Максим Викторович отложил снимок и склонился над пострадавшей, вмиг став серьёзным и сосредоточенным. Нога у Кристины болела, ныла, зудела и даже чуть-чуть дергала. Но когда большие сильные ладони доктора-травматолога легли на ее лодыжку, вся боль куда-то отступила, превратилась в фон, малозначимый и второстепенный. В колене сконцентрировался страх, словно струной стягивая всю ногу. Но волшебные руки доктора, подхватив одной ладонью лодыжку снизу и поглаживая другой голень сверху, источали такую нежность, с такой неприкрытой лаской бережно скользили вверх к колену, что страх ослабил свои вожжи, стал таять, растворяться, рассеиваться. Кристина затаила дыхание и прикрыла глаза, невольно попадая в плен этих волшебных рук, растекаясь, как карамель под жарким солнцем, переключаясь на что-то другое, совсем не связанное ни с травмой, ни с травматологией… Неожиданная острая боль пронзила лодыжку ножом, сопровождаясь ослепительной вспышкой в мозгу.

- Ай!! – вскрикнула больная, подскочив, и заморгала вдруг наполнившимися влагой глазами, – Изверг!

- Всё, всё, всё, душа моя! Больше больно не будет! – Максим положил ей руки на плечи и заставил снова лечь на кушетку. – Вывих то надо было вправить! – И обращаясь к медсестре, - готовьте гипс, Лидия Степановна.

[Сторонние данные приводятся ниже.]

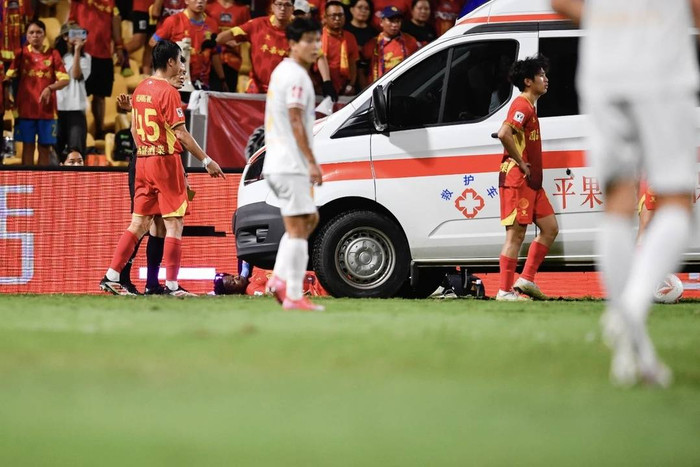 随后,张志雄被裁判出示一张黄牌予以警告,但阿萨莫阿的受伤却颇为严重。他被撞击后失去平衡,头部直接与场外LED广告屏发生正面碰撞。阿萨莫阿倒地后不起,并被救护车送往医院。

Лидия Степановна, склонившись к пострадавшей, прошептала ей на ушко:

- Вот так всегда с мужчинами: сначала нежность, потом ласка, а потом боль… Держитесь от них подальше, милочка!

- За что же вы так на мужчин ополчились, Лидочка Степановна? – сверкая своей обворожительной улыбкой, поинтересовался Максим Викторович, ловко накладывая гипс, – Чем они вам так насолили?

- Никто мне не насолил, доктор, просто пытаюсь уберечь молодежь от ошибок.

                ***
Николай Робертович подошел к медсестре с игривыми золотыми кудряшками над большими синими глазами, которая сосредоточенно перебирала стопку историй болезни на сестринском посту.

- Добрый день, - вежливо поздоровался он, доставая служебное удостоверение, – не подскажите в какой палате лежит Пузиков Владимир Петрович?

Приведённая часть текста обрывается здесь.